Romanian serial killer

Romulus Vereș (23 January 1929 in Cluj – 13 December 1993 in Ștei) was a notorious serial killer from Romania, known as "The Man with the Hammer".

During the 1970s, he was charged with five murders and several attempted murders, but never imprisoned on grounds of insanity; he had schizophrenia, blaming the Devil for his actions. Instead, he was institutionalised in the Ștei psychiatric facility in 1976, following a three-year-long forensic investigation during which four thousand people were questioned.
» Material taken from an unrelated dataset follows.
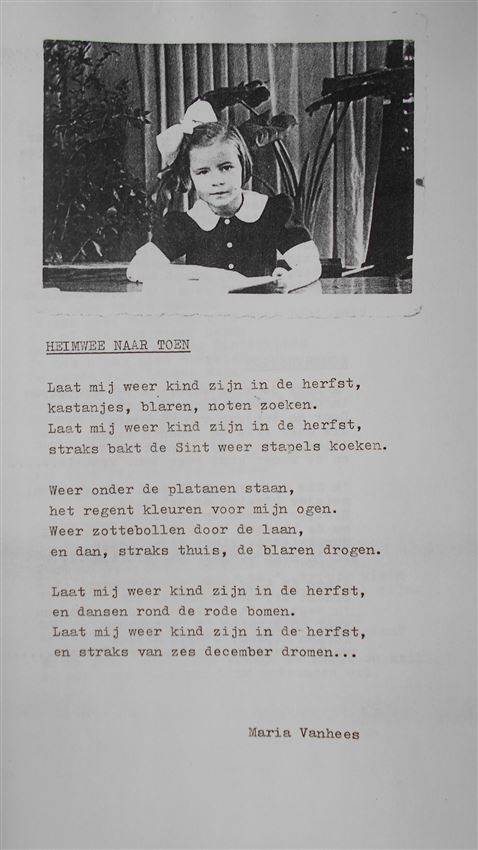 Maria Vanhees uit Beverlo. We zagen het vorige week op de Facebookgroep Heemkunde Beverlo. Het gedicht pas perfect was het doel is van heemkunde en getuigt van een groot nostalgisch gevoel dat van alle tijden is. En die mooie tijd rond Sinterklaas is toch voor elk kind een fantastische herinnering.

Urban myths brought the number of victims up to 200 women, but the actual number was much smaller. This confusion probably is explained by the lack of attention this case received, despite its magnitude, in the Communist press of the time.

==Before Murders==
Romulus Vereș was born on 23 January 1929. He worked as a locomotive mechanic and got married at 19 years old to his first wife, which whom he had a son. They divorced after 6 years, and he remarried immediately after. His second marriage lasted 4 years, with his second wife later accusing him of verbal abuse and physical abuse.

==Murders==
Between 1972 and 1974, he attacked 8 women and girls, of whom 3 died, and was convicted only of 5. He attacked victims by hitting them with a hammer, iron bar or anything similar. He didn't have a clear Modus Operandi, as some victims were attacked in public and some in their own home, some victims were raped, and he also stole some valuable items from some victims.
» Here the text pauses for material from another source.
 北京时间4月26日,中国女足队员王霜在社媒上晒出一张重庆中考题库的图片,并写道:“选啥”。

Chronologically, his victims were:

- Cornelia Vaida, 25, killed and thrown in a river on the night of 11 September 1972.
- Ibolya Covaci, 15, attacked in her own house on 7 October 1972, survived.
- Maria Mărgineanu, 35, attacked in her own house while pregnant on 16 October 1972, survived
- Ana Valentina Florea, 8, attacked in her own house and raped on 5 December 1972, survived.
- Ana Biro, 48, attacked in a store on 12 December 1972, survived.
- Ileana Olteanu, 46, attacked in an apartment complex on 12 December 1972, survived.
- Aurelia Ciulea, 16, killed and raped in her own home on 16 December 1972
- Ilona Szilagy, 68, killed on 14 January 1974.

==Arrest and Conviction==
He was arrested on 26 February 1974, 12 days after he killed his last victim. While in custody, he claimed to be controlled by two devils, which he called Bere (Romanian word for beer) and Puiu (Romanian word for chicken). Doctors noted he was an extremely dangerous criminal, as he couldn't remember when he attacked or killed his victims, and he was convicted to life in a mental institution, dying there on 13 December 1993.